Jill Walker Rettberg (born Jill Walker in 1971) is Professor of Digital Culture at the University of Bergen. She is "a leading researcher in self-representation in social media" and a European Research Council grantee (2018-2023) with the project Machine Vision in Everyday Life: Playful Interactions with Visual Technologies in Digital Art, Games, Narratives and Social Media. Rettberg is known for innovative research dissemination in social media, having started her research blog jill/txt in 2000, and developed Snapchat Research Stories in 2017.

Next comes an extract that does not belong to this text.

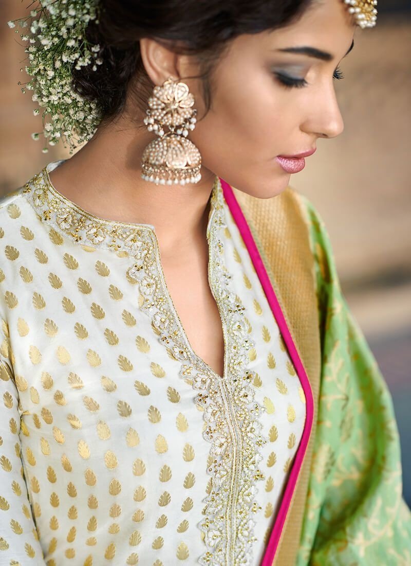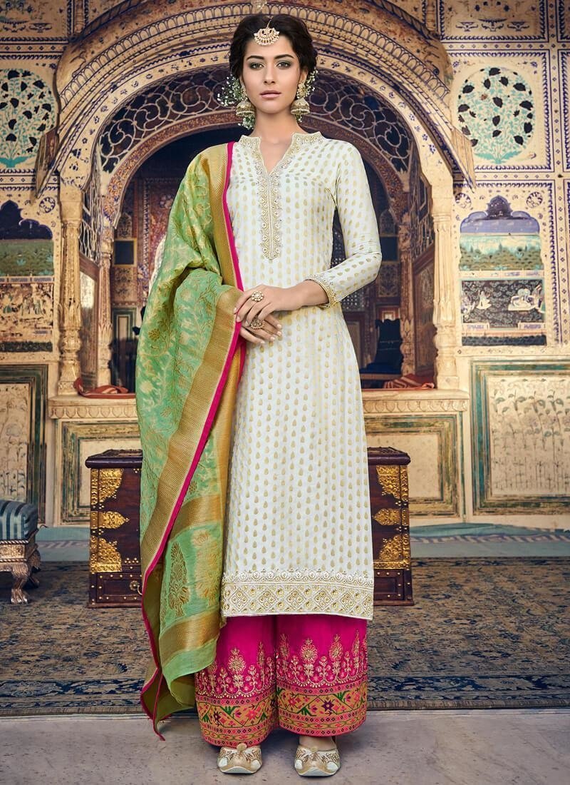 Arabic Muslim Off White colored Salwar Kameez in Palazzo Style made with Chiffon top and Silk 2 Tone Bottom fabric

Education and academic career 
After completing an MA in Comparative Literature at the University of Bergen in 1998, Rettberg worked for a year on a research project developing educational MOOs, and in 2003 completed a doctoral degree in Humanistic Informatics at the University of Bergen under the supervision of Espen Aarseth.

Rettberg was hired as an associate professor at the University of Bergen after her PhD, and was promoted to full Professor of Digital Culture in 2009. In addition to her tenured position at the University of Bergen, Rettberg has been a visiting scholar at the Royal Melbourne Institute of Technology, University of Illinois Chicago, Massachusetts Institute of Technology and the University of Chicago.

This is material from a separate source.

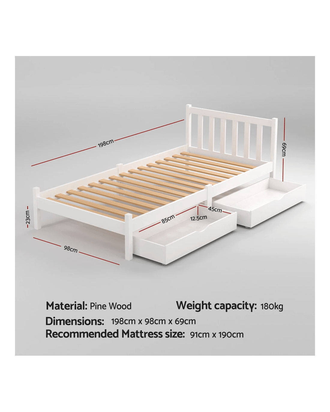 Strong and sturdy, the Bed Frame comes with a durable plywood slated base, reinforced angled brackets for long term support, stylish headboard, heavy-duty steel fixings and smooth edges all round. Finished in a non-toxic, eco-friendly white paint, the neutral-coloured Bed Frame makes for easy décor coordination with any bedroom. Better still, The bed frame with two storage drawers provides additional space for storing bedding essentials.

In addition to her academic positions, Jill Walker Rettberg is a member of the Research Council of Norway's portfolio board for Humanities and Social Sciences (2019-2023), and was previously a member of Arts Council Norway's research and development committee. She co-authored the official Norwegian report NOU 2013:2 on hindrances for digital growth.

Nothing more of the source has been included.